I feel it’s up to us to be the protection for the young people who cannot protect themselves. And we have seen this Government, previous Governments, and Governments before—for a long time—who have, with best of intentions, tried to have our children living in safe environments, but have failed. Just recently, over the last few years, we’ve seen report after report after report into Oranga Tamariki, and whatever it was called before it was called Oranga Tamariki, stating that they are not doing their job. They are not actually protecting our children and children are slipping through the cracks.
I mentioned the Oranga Tamariki Oversight Bill at the very beginning, because the select committee process ran side by side. Part of me is concerned that by changing this and getting rid of the safety net here for subsequent children, my concern is around the oversight process when things go wrong. So now we’ve got two bills that I feel are going to let our children down. It’s a scary thought. I have every belief that those within the select committee process that were sitting across the table from me are trying to do the right thing, but the unintended consequences are just far too damaging to ignore.
Now, I’ve heard that social workers will still have the ability to act if a report of concern is made. I think I heard it mentioned on this side of the House previously that that’s after the fact. It’s after the fact that somebody has seen something that they feel they need to report. And from experience, it takes a lot for somebody to report. It’s not just somebody thinking, “Oh, maybe something’s wrong.” It takes a lot for somebody to put in a report of concern. Then once you put in the report of concern, what is the process after that? Recent reports have shown us that even if someone has put in a report of concern, there’s no guarantee that that report of concern is going to be followed up. There’s no guarantee that that report of concern is going to be taken seriously. Whereas if we have an automatic mandatory check, it’s there, it’s in place, and it has to be done and we know it will be done. And we’re not relying on an after the fact report of concern when we may be too late.
Can we afford not to have this safety net? Whether or not it’s an inconvenience to parents, hapū, iwi, and children that have come before, is that inconvenience worth saving a life for? In my mind, it is. Because a child can never get their life back if they pass away. We can say sorry as much as we like, but that’s not going to bring back a child that loses their life or ends up with a lifetime of disability because a safety net that may be a bit inconvenient for our system is taken away.

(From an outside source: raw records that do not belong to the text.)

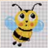
■ ● 1021
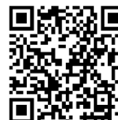
Accès au CAMS

Utilisez ce tableau pour indiquer que la liste de vérification mensuelle a été suivie.
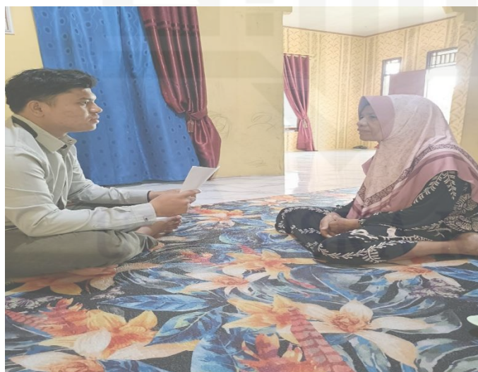
Wawancara dengan Ibu Siah Saudari kandung Perempuan almarhum Is
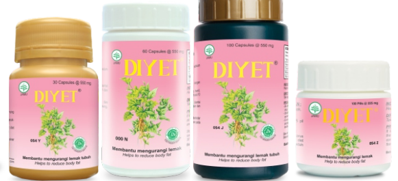
30 Kapsul POM TR 092 303 581 60 Kapsul 100 Kapsul POM TR 082 483 051 DIYET Membantu mengurangi lemak tubuh Help to reduce body fat
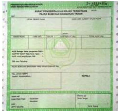
Gambar 3.1 Surat Pemberitahuan Pajak Terutang (SPPT)
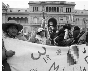
El Tercer Malón de la Paz.
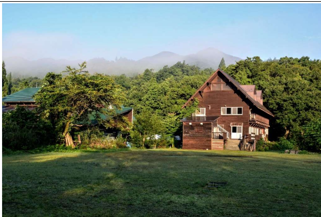
m DSC_1494 薄霧(もや)かかる与平の頭を背景に森林科学館&グリーンハウス R04.10.01AM0634.JPG
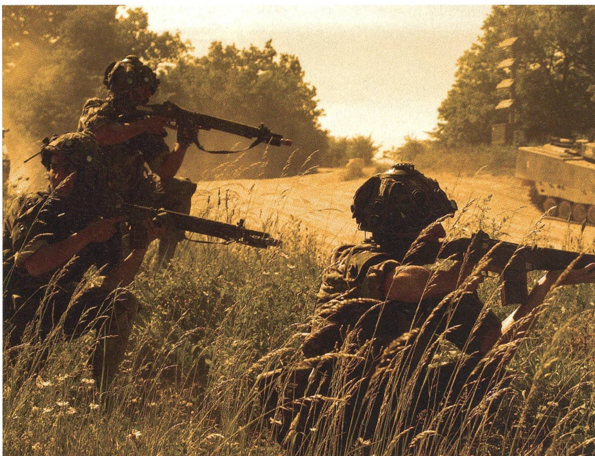
Bure, wie es leibt und lebt: Panzergrenadiere stossen durch ein Engnis.

zu retten und riskiert dabei, selber abgeschossen zu werden (SIM).»
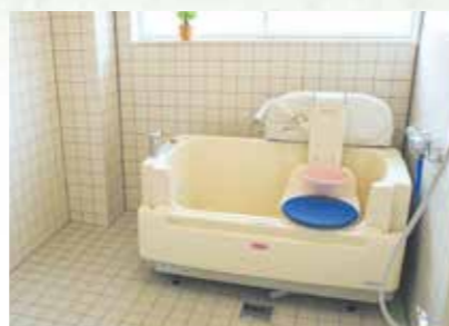
体の不自由な人も楽に入浴できます。
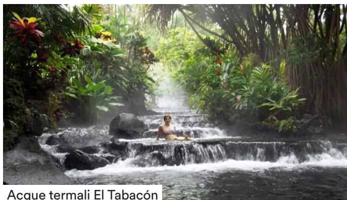
Acque termali El Tabacón
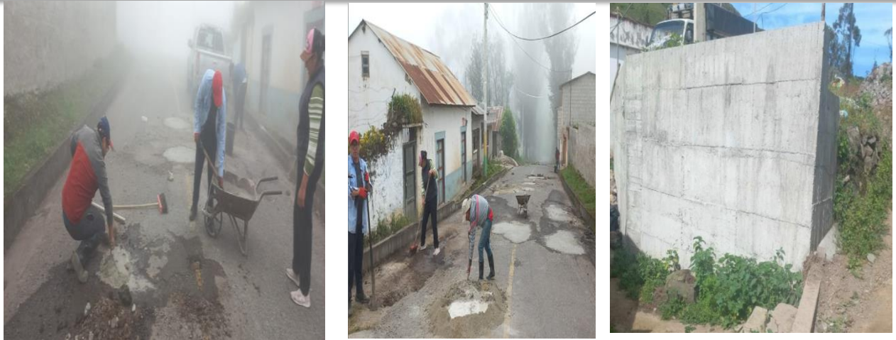
Bacheos- Cabecera Parroquial, muro de contención-Comunidad de Zúnag

En el componente Asentamientos Humanos el GADPR Gonzol ha invertido un monto global de USD $23.390,03
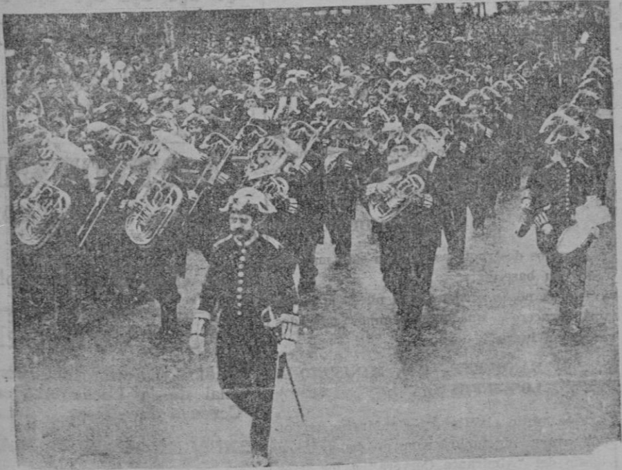
La Banda Republicana española en París, e nel gran desfile celebrado en la avenida de los Campos Eliseos

El papel de la burguesía, si es preciso, que lo realicen ellos, con su responsabilidad y con nuestra presión para que lo hagan lo mejor posible, con objeto de servir el día de
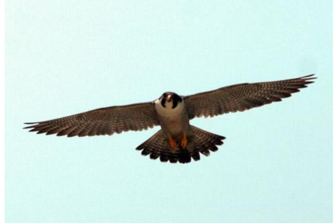
Faucon pèlerin

Face à cette situation, un programme pancanadien fut mis sur pied dès 1976 afin de contrer la chute drastique des populations de cette sous-espèce. Le programme de réintroduction a connu un grand succès et la situation de la sous-espèce anatum au Canada et au Québec s'est améliorée au point que son statut au niveau canadien est passé de « en voie de disparition » à « menacé » puis à « préoccupant » en 2007. Ainsi, et malgré une nette amélioration, la situation du faucon pèlerin demeure encore relativement précaire.
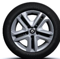
Čelični naplatci Flexwheel 16" sa ukrasnim poklopcima naplatka Complea
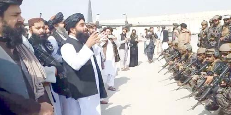
اندماج: مسؤول من طالبان يتحدث إلى القوات الأفغانية

منها في نيسان/أبريل عام 2018. وغرقت ليبيا في حالة من الفوضى بعد سقوط نظام معمر القذافي عام 2011 اتسمت في
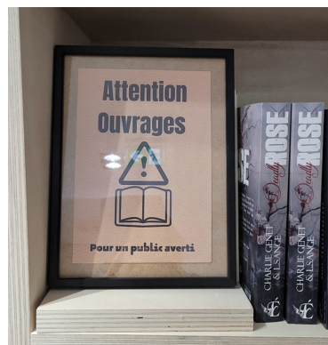
Figure 2. Mise en garde dans une librairie indépendante au niveau du rayon Dark Romance, 2024
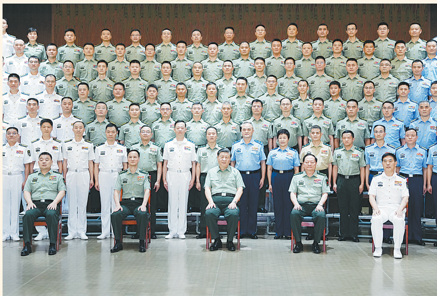
7月6日,中共中央总书记、国家主席、中央军委主席习近平视察东部战区机关,代表党中央和中央军委,向东部战区全体官兵致以诚挚问候。习近平发表重要讲话并亲切接见东部战区官兵代表,同大家合影留念。

新华社南京7月6日电(记者梅常伟)中共中央总书记、国家主席、中央军委主席习近平6日视察东部战区机关,代表党中央和中央军委,向东部战区全体官兵致以诚挚问候。他强调,要深入贯彻党的二十大精神,贯彻新时代党的强军思想,贯彻新时代军事战略方针,锚定建军一百年奋斗目标,努力开创战区建设和
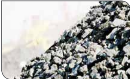
در نتیجه تقاضا برای سنگ‌آهن بالای استرالیا رو به کاهش است. با این حال صادرات در ماه آوریل نسبت

به آوریل سال گذشته که ۶۹.۲۲ میلیون تن بود، رشد داشته است. این رشد به دلیل تاثیر طوفان استرالیا در مارس ۲۰۱۹ بوده که باعث کاهش حجم صادرات سنگ‌آهن این کشور شده است.
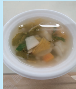
寒い中、お疲れさまでした 暖かいふるまいをご用意 しています (数に限りがあり ご了承ください)
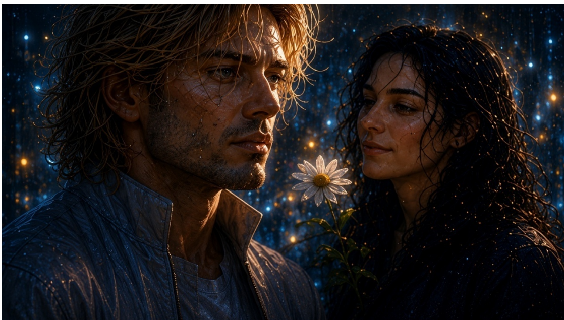
Иллюстрация «Женское лицо».

Оно появляется не в центре зрения, а на периферии — там, где внимание размыто и расслаблено, где система осуществляет наименее жёсткий контроль над входящими данными. Женское лицо, наложенное поверх одного из генетически откалиброванных цветков, материализующееся с такой отчётливостью, что Алекс на долю секунды теряет способность отличить восприятие от воспоминания.
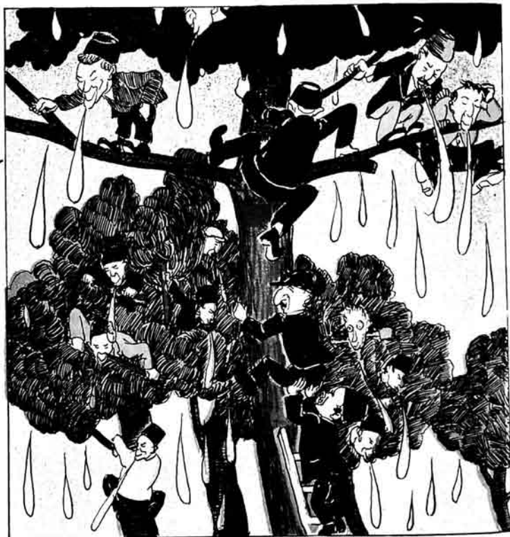
— اوپله كه بو كهك آغاجك باشنا چيقله، اوردان بوتون آناغيدا كيلارا توبوره يله ريك. — درو قاتلىق
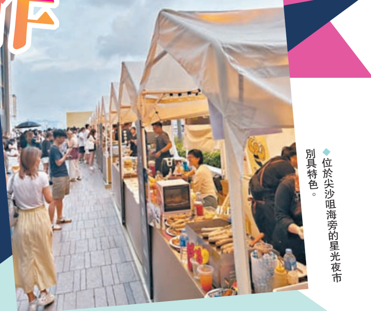
◆位於尖沙咀海秀的星光夜市別具特色。

拍攝香港的人總不會錯過香港的夜色，疫情前的香港有種來日方長的不知疲倦，升騰的萬家煙火與華麗都市的霓虹鼎立，交錯出一幅民間浮世繪。
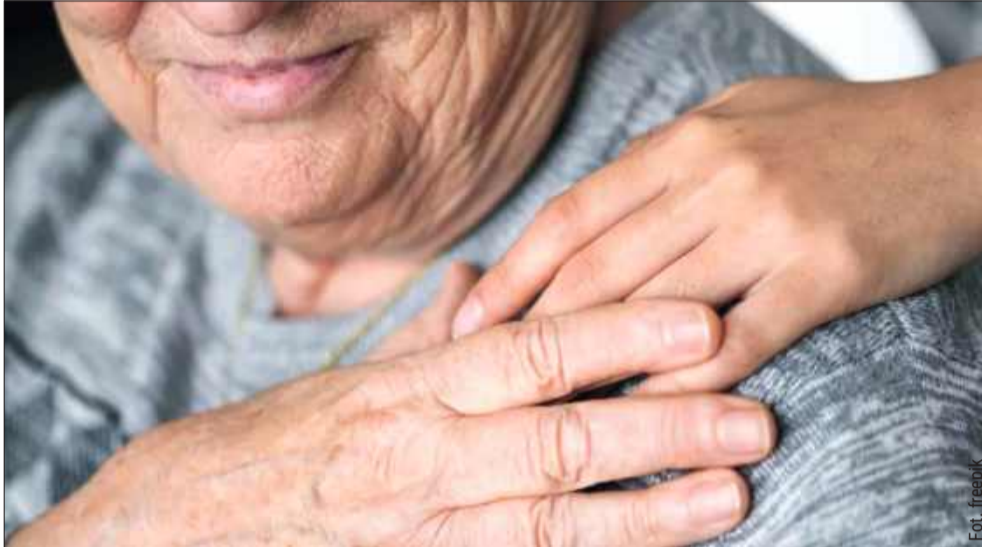
Nowy dodatek dla seniorów już od stycznia 2026! Nawet 2150 zł co miesiąc.

Wniosek o przyznanie bonu będzie mógł złożyć zstępny seniora, czyli osoba, na której ciąży obowiązek alimentacyjny – np. dziecko lub wnuk. Kluczowym warunkiem będzie aktywność zawodowa tej osoby – musi być zatrudniona na podstawie umowy o pracę, umowy cywilnoprawnej, prowadzić działalność gospodarczą lub osiągać dochody z rolnictwa.
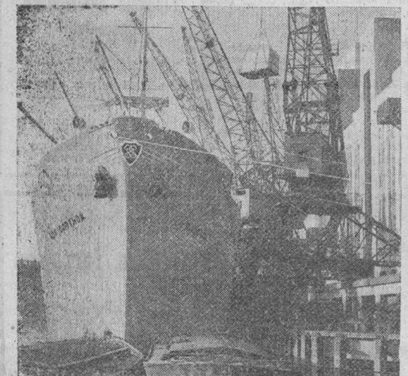
El mayor suceso "Ada Gother", de 6.000 toneladas, descargando frutas en el muelle de Londres. Entre los marinos ingleses se conoce a este muelle con el original nombre de "muelle del pescado fresco"

Nueva York.—Las manchas solares han dificultado extraordinariamente las comunicaciones en los Estados Unidos y el Canadá, así como la recepción de las señales radiofónicas de Extremo Oriente.—Efe.
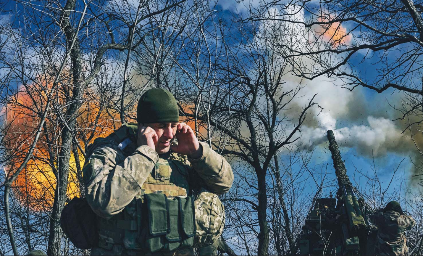
جنود أوكرانيون يطلقون قذائف باتجاه القوات الروسية قرب باخموت

بعدما دوت صفارات الإنذار لساعات في كييف، وقال سلاح الجو على تطبيق «تلغرام» إن القوات الروسية أطلقت 15 طائرة إيرانية الصنع من طراز «شاهد» من منطقة بريانسك شمال شرقي كييف، أسقطت القوات الأوكرانية 13 منها. ودوت صفارات الإنذار في كييف لساعات في وقت مبكر أمس الإثنين محذرة من غارات جوية، وقالت السلطات إنه تم تفعيل الدفاعات الجوية جراء «هدف جوي». وقال مسؤول الإدارة العسكرية سيرغي بوينكو إن المسيرات كانت في طريقها إلى كييف، لكن الدفاعات الجوية الأوكرانية أسقطتها، ولم تتسبب إصابات بشرية أو تطول بنى تحتية.

I have huge concerns about the potential risk we are putting these children in. Through best of intentions, I hear that we’ve got to rebuild the faith and trust of families, iwi, and hapū. Surely, it’s the other way round. Surely they should rebuild their trust in the State to show that they are capable of looking after these children. There should be some kind of accountability for bad behaviour and terrible behaviour when it comes to our children. We are losing too many children and we’re making too many excuses for the bad behaviour of these parents.
I hear that a lot of parents that have ended up in these situations have been victims of abuse themselves. I’m sorry about that; that should never have happened. But it is also not an excuse to let people get away with creating more victims. Because when does this cycle break? When do we break the cycle of abuse and harm to our children? When do we say it’s not OK and we’re going to make sure that this doesn’t happen to another child?
This bill does not do that. It actually puts our children at more risk. So we oppose this bill and hope that the Government can come forward with some better legislation in the future.
Dr LIZ CRAIG (Labour): Thank you, Mr Speaker. It’s a real pleasure to stand and speak in support of this bill, because what this bill does by repealing the subsequent child provisions—partially repealing them—is it basically means that social workers can get on and do what they do best, and that is use their skills and expertise to walk alongside families and children, and also to support those parents who’ve decided that they’re going to turn the situation around and do the best by their subsequent child.
I think we’ve heard in the House tonight about the really negative impacts that these provisions have had on parents’ ability to bond with their subsequent children, but also social workers to be able to work with whānau to ensure the best outcomes for children. But this bill also has safeguards, and I think it’s basic social work practice—walking alongside families is one aspect, but, also, making sure that we retain the subsequent child provision for parents or caregivers who’ve been convicted of the death of a child in their care. So making sure that we get that balance right.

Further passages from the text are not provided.